Intraseasonal Variability of Summer Monsoon Rainfall and Droughts over Central India
Rainfall over Madhya Pradesh (MP) in central India has large intra-seasonal variability causing droughts and floods in many years. In this study, rainfall variability in daily and monthly scale over central India has been examined using observed data. Consistency among various datasets such as rainfall, surface temperature, soil moisture and evapotranspiration has been examined. These parameters are from various different sources and critical for drought monitoring and prediction. It is found that during weak phases of monsoon, central India receives deficit rainfall with weaker monsoon circulation. This phase is characterized by an anticyclonic circulation at 850 hPa centered on MP. The EOF analysis of daily rainfall suggests that the two leading modes explain about 23–24% of rainfall variability in intraseasonal timescale. These two modes represent drought/flood conditions over MP. Relationship of weak phases of rainfall over central India with real-time multivariate (RMM) indices of Madden Julian Oscillation (MJO) has been examined. It is found that RMM-6, RMM-7, RMM-1 and RMM-2 describe the weak monsoon conditions over central India. However, frequency of drought occurrence over MP is more during RMM-7 phase. Surface temperature increases by about 0.5°–1° during weak phases of rainfall over this region. Soil moisture and evapotranspiration gradually reduce when rainfall reduces over the study region. Soil moisture and evapotranspiration anomalies have positive pattern during good rainfall events over central India and gradually reduce and become negative anomalies during weak phases.

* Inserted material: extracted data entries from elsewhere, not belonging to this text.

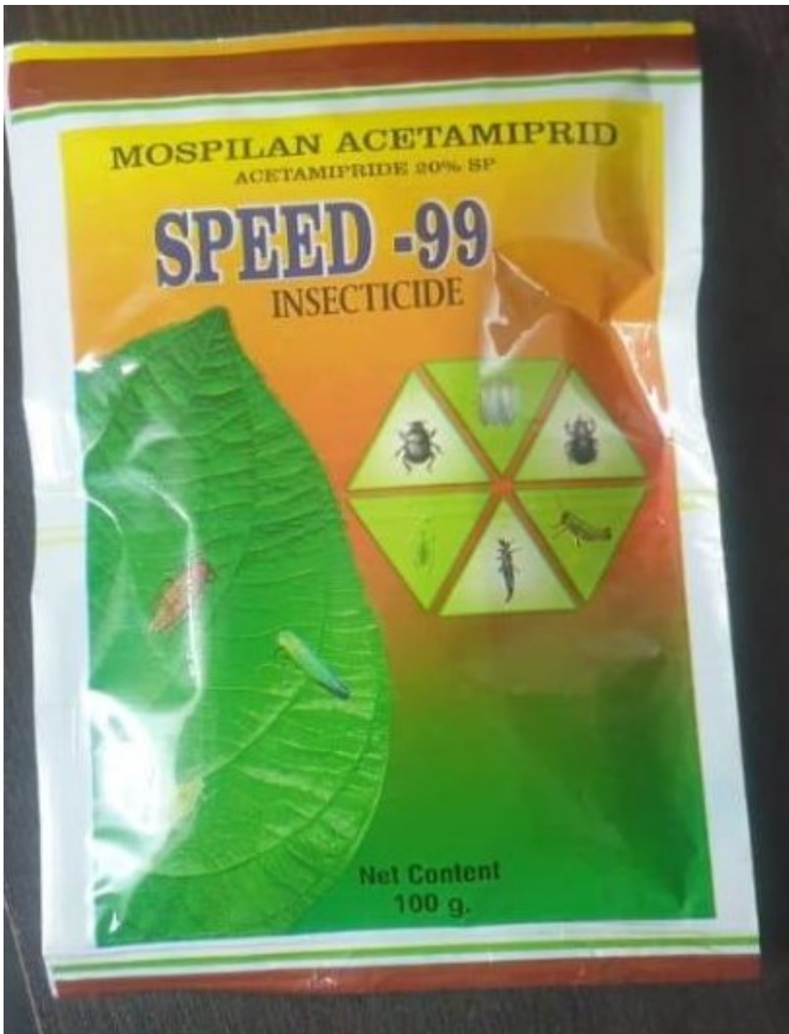
අමුණුම -7 : SPEED-99 (Acetamiprid 20% SP) යන නමින් සඳහන් නීතිවිරෝධී විදේශීය නිෂ්පාදනය
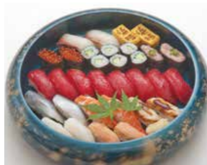
D-05 江戸前にぎり鮓(上)(3人盛) 6,600円(税込7,260円)
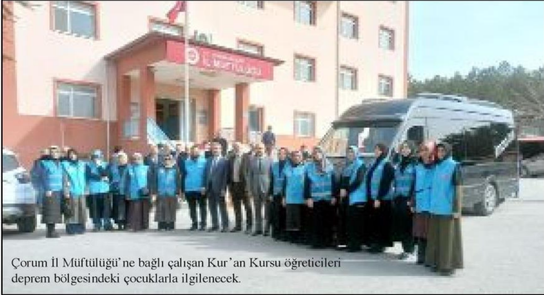
Çorum İl Müftülüğü'ne bağlı çalışan Kur'an Kursu öğreticileri deprem bölgesindeki çocuklarla ilgilenecek.
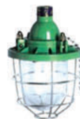
编号: FBD-001 名称: 厂用防爆灯(100W)
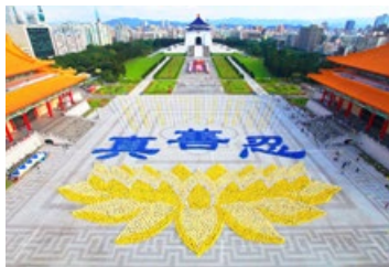
◎ 5000 多名法轮功学员在台北自由广场，排出立体莲花图形和“真善忍”三个大字。

女儿带来了李洪志师父的讲法录音带。老太太一遍一遍地听，感觉讲得真好啊，句句都说到她心里去了。活这么大岁数，还从来没有听到过这样的话呢，心里那个舒坦啊！老太太当天下午身体就好转了，可以喝稀饭了，第二天就站起来走路了。老太太说：我从小没有上过学，也不识字，就这样一直听师父的讲法录音，坚持炼功，身体好得很，还能干家务活，再没得过病，至今已经 15 年了，亲人们都由衷地感恩法轮大法。
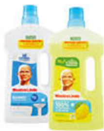
MASTROLINDO TUTTI I TIPI 950 ML
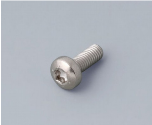
A0330080 Vis M3 x 8 mm (T10) Acier inoxydable
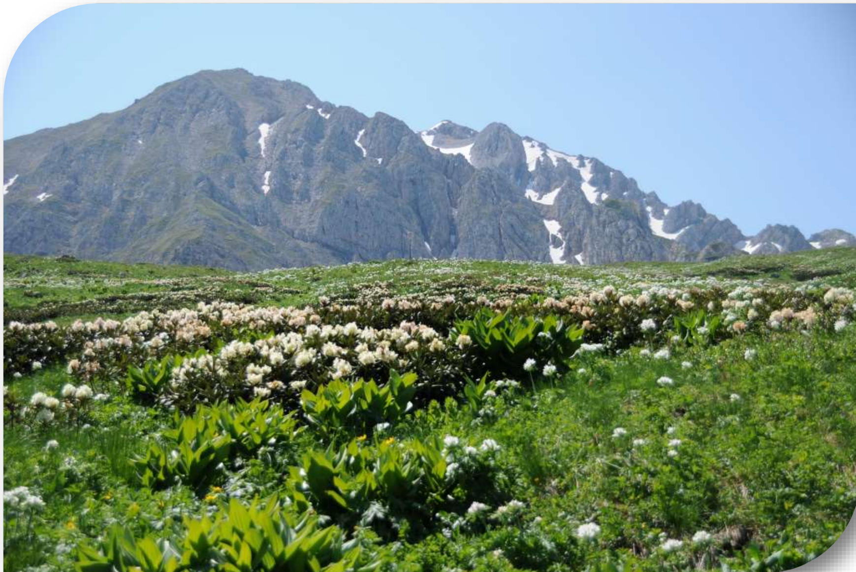
Рододендроны в горах
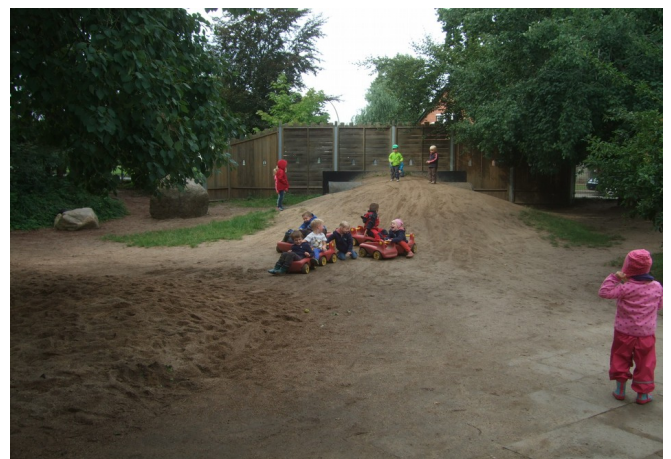
Hügel mit Tunnel

Die Außenanlagen sind etwa 1800 qm groß und erstrecken sich hinter der Kita. Die großzügig angelegten Sandkisten und Spielgeräte werden durch Büsche und Bäume unterteilt und eingerahmt. Zum Spielen, Klettern und Balancieren laden insbesondere ein Hügel mit
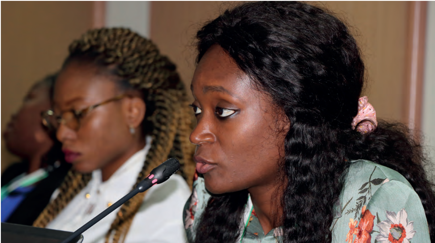
Inoussa Maïga / Mediaprod

appréciés mais que, malheureusement, vous ne retrouvez plus dans les supermarchés. Nous proposons aux clients une manière pratique et fiable de se les procurer : depuis votre ordinateur, faites le marché en gros ou en détail et payez à la livraison », promeut Awa. Les clients consommateurs de Sooretul sont des Sénégalais, en majorité la classe moyenne de Dakar et une partie de la diaspora, mais aussi des entreprises, des ONG, des organisations internationales. Sooretul est actuellement membre de la plateforme des professionnels de l'agroalimentaire au Sénégal, qui regroupe plus de 500 GIE de femmes transformatrices au Sénégal dans tous les domaines : cosmétiques, produits
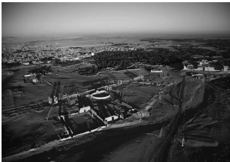
Figura 7 – Vista parcial das ruínas de Palmira, identificando-se alguns dos seus monumentos principais.

helenística, a planta de Palmira não corresponde ao modelo hipodâmico normal, menos ainda ao modelo ortogonal romano, embora se lhe atribua um Decumanus com um traçado sinuoso, com quebras de direcção disfarçadas por um tetrápilo e por um arco honorífico, e um Kardo , situado no limite oriental da cidade, continuando a estrada vinda de Damasco. O forum ou ágora comercial ocupa uma posição excêntrica, no limite urbano, junto à muralha construída por Zenóbia e reforçada por Justiniano, embora perto do teatro. Não houve, portanto, um planeamento homogéneo, orientando-se os eixos principais de forma a comunicarem com os templos principais, o que parece ser nítido no caso do Decumanus e do santuário de Bel (Fig.7), que terá levado ao desvio do uádi al-Kubur para sul. Já se avançou a hipótese de a rua ter sido traçada de forma a sugerir o movimento aparente do Sol, desde o templo de Bel até ao templo de Alate, na extremidade oeste da cidade, o que creio pouco credível. Por outro lado, as insulae a noroeste da cidade, longas e estreitas, definem um padrão regular de ruas paralelas per strigas , sugerindo um plano integrado 44 . A área no interior da muralha, cujo perímetro ronda os seis quilómetros, era inicialmente mais vasta, indicando uma população elevada, ainda que, como quase sempre acontece, difícil de calcular.
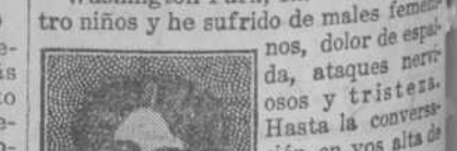
Lydia E. Pinkham y las Píldoras de Higado me devolvieron la salud...

Washington Park, Ill.—"Tengo cuatro niños y he sufrido de males femeninos, dolor de espalda, ataques nerviosos y tristezas..."
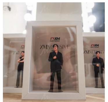
บุคคลสำคัญ
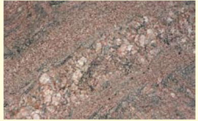
Migmatiet in de gevel van de Rabobank.
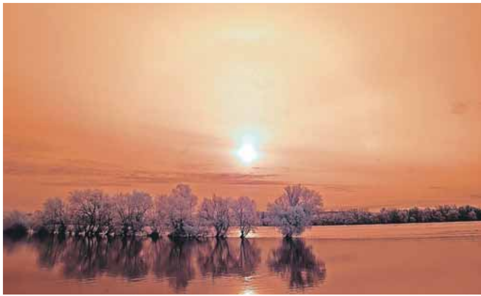
Ved Jesu genkomst bryder Morgenstjernen, Kristus selv, frem, og mørkets tid er forbi.

På bjergene fandt et enestående møde sted mellem på den ene side Moses og Elias som repræsentanter for den gamle pagt og på den anden side Jesus som opfyldelsen af den gamle pagt i den nye pagt. Det pro-

KeywordsRainfall Central India drought intraseasonal interannual MJO
Droughts cause significant loss to economy and damage to environment. Droughts cannot be prevented, but much can be done to reduce the impacts through preparedness, mitigation using better forecasting techniques. Droughts occur due to deficient precipitation and high evapotranspiration. Central part of India, also known as the core monsoon zone (CMZ), receives most of precipitation during summer monsoon season [June, July, August and September (JJAS)]. The CMZ region is considered representative for both the mean performance as well as for variability of the monsoon over India (Sinha et al. 2011). The population of the Indian subcontinent depends on cereal and pulse production. Central India is counted as one of the biggest suppliers of wheat, soybean, paddy, etc. The summer monsoon rainfall is also important for fulfilling the demands of drinking water and agriculture. Drought disasters often cause reduction in crop production or even maximum crop failure over central India. This region receives almost 95% rainfall during southwest monsoon (JJAS). However, this region is vulnerable to extreme events such as droughts and floods and experiences regular, spatially broad, and long-term droughts that cause the most severe losses to the agricultural economy (Sikka and Gadgil 1980; Rajeevan 2001; Shrivastava et al. 2016a).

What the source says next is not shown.